# Pinhole



## Coldow91 (Jun 26, 2008)

I just recently shot my first pinhole shot. I made the camera out of a tin and plan on shooting more 35mm with it


here is the first result


----------



## altyfc (Jun 27, 2008)

Hey... way to go!  Must be fun experimenting with one you've made yourself.


----------



## yellowjeep (Jun 29, 2008)

Post a picture of your camera please


----------



## Coldow91 (Jun 29, 2008)

Here is the camera with film loaded. I have since made a new pinhole but other than that it looks the same. I look forward to putting another few shots through it soon. I can get better shots later with the D40 if you would like, that show more about how the film is and stuff









based on this http://prophotolife.com/2008/05/05/video-35mm-pinhole-camera/




if anyone has any suggestion on how to scan the full negative including borders please let me know


----------



## yellowjeep (Jun 29, 2008)

What kind of scanner do you have?
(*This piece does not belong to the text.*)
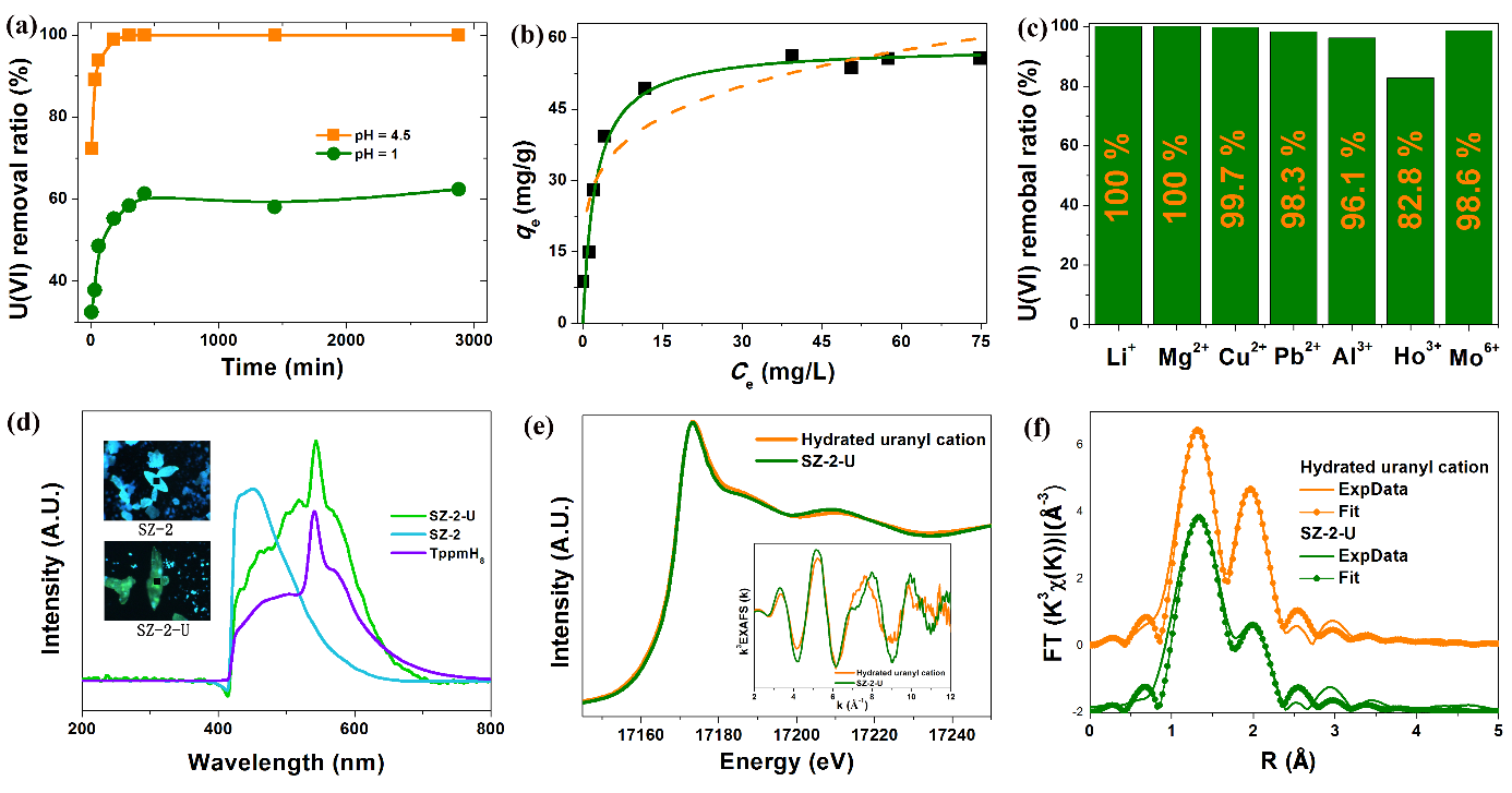 图2. SZ-2化合物铀酰去除效果测试及机理研究

If you have a flat bed with a MF film holder then use that with the 35mm loaded in the middle.


----------



## Coldow91 (Jun 30, 2008)

yeah my scanner only scans 35mm so I will just figure out a way to do it until I get a different scanner


----------



## christopher walrath (Jun 30, 2008)

I make 35mm matchbox pinhole cameras (directions on my website) but I like the way the image runs over into the sprocket hole area of the film.  I gotta make my frame hole a little taller next time.  Cool!


----------



## Coldow91 (Jun 30, 2008)

I made a matchbox pinhole but it sort of fell apart and the whole roll was overexposed. both problems were my fault but I though I would build it in a tin.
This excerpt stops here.